### Given records
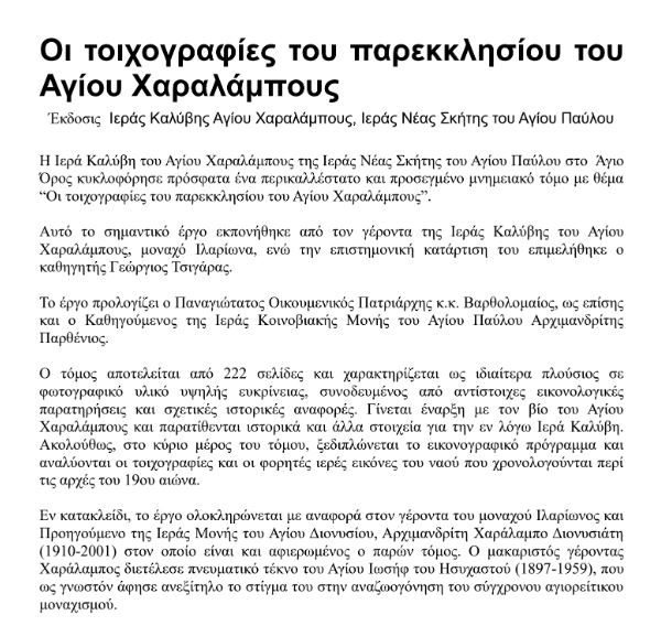 Εκδόθηκε εκ μέρους του Γέροντος Ιλαρίωνος μοναχού της Ιεράς Καλύβης του Αγίου Χαραλάμπους, Ιεράς Νέας Σκήτης του Αγίου Όρους, ο νέος τόμος με τίτλο “Οι τοιχογραφίες του παρεκκλησίου του Αγίου Χαραλάμπους”. Παραθέτουμε εικόνες και περιγραφή απο την Έκδοση:
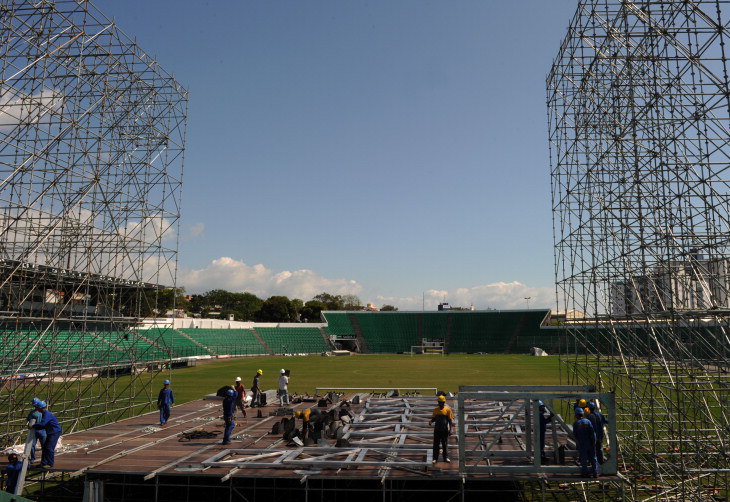 Por conta disso, Nico Gomes, o gerente de produção de toda a turnê brasileira da banda — serão ao todos nove shows realizados até dia 4 de novembro — está supervisionando pessoalmente a montagem da estrutura, e fica aqui até segunda-feira.
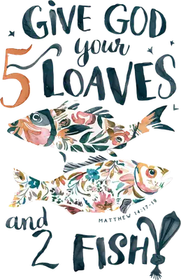 Loaves & Fish Matthew 14:17-19 DTF Transfer | Bible Verse Faith Design
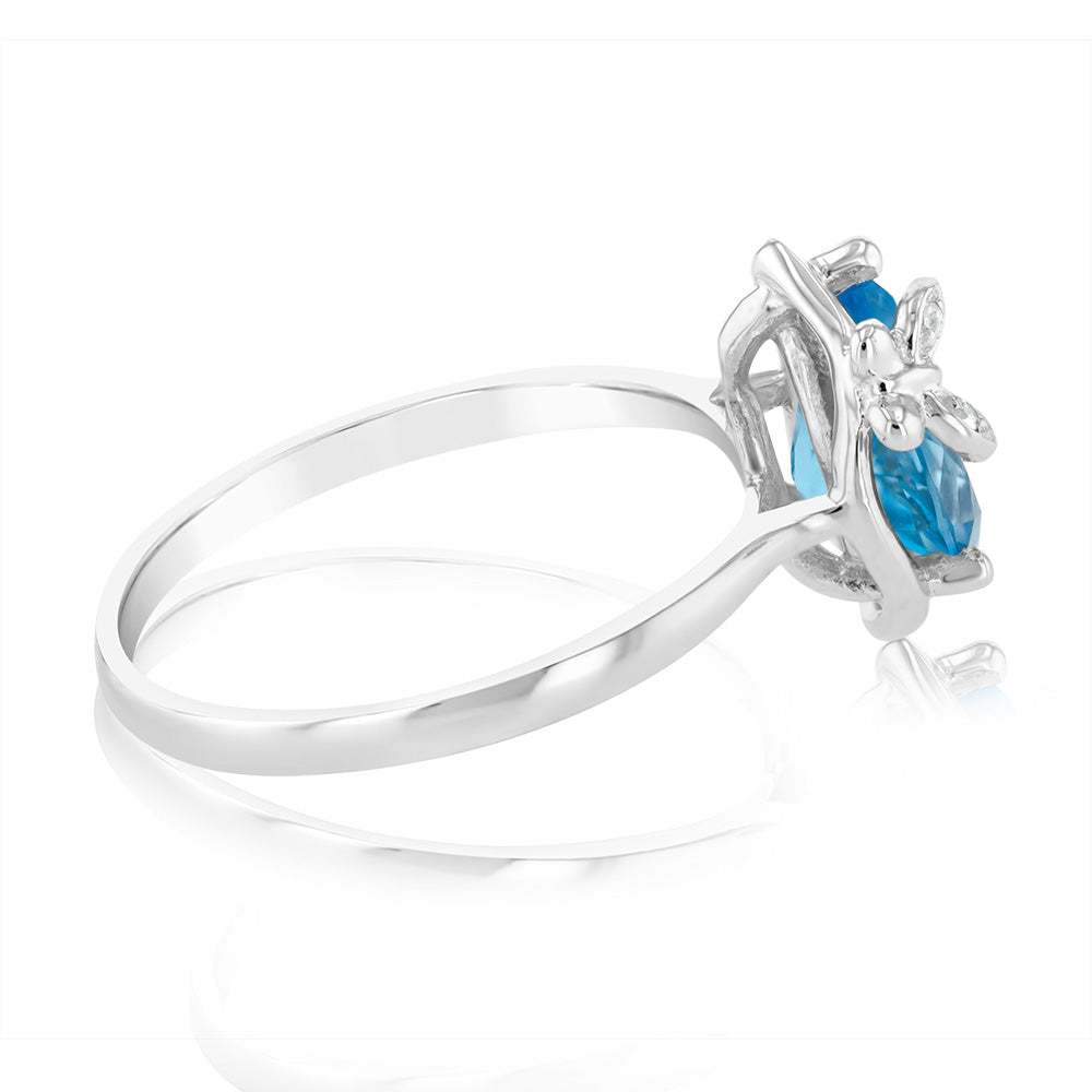 9ct White Gold Natural Blue Topaz And Diamond Ring
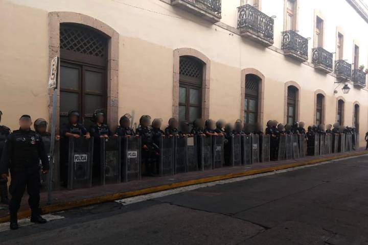 Elementos de la Unidad de Restablecimiento del Orden Público (UROP) se encuentran desplegados en las inmediaciones de Casa de Gobierno, el Congreso del Estado y la Sali... Ver más...

### Task directions
Your answer is an exact copy of the records above, stripped of pictures.

### Result of this task
 Εκδόθηκε εκ μέρους του Γέροντος Ιλαρίωνος μοναχού της Ιεράς Καλύβης του Αγίου Χαραλάμπους, Ιεράς Νέας Σκήτης του Αγίου Όρους, ο νέος τόμος με τίτλο “Οι τοιχογραφίες του παρεκκλησίου του Αγίου Χαραλάμπους”. Παραθέτουμε εικόνες και περιγραφή απο την Έκδοση:
 Por conta disso, Nico Gomes, o gerente de produção de toda a turnê brasileira da banda — serão ao todos nove shows realizados até dia 4 de novembro — está supervisionando pessoalmente a montagem da estrutura, e fica aqui até segunda-feira.
 Loaves & Fish Matthew 14:17-19 DTF Transfer | Bible Verse Faith Design
 9ct White Gold Natural Blue Topaz And Diamond Ring
 Elementos de la Unidad de Restablecimiento del Orden Público (UROP) se encuentran desplegados en las inmediaciones de Casa de Gobierno, el Congreso del Estado y la Sali... Ver más...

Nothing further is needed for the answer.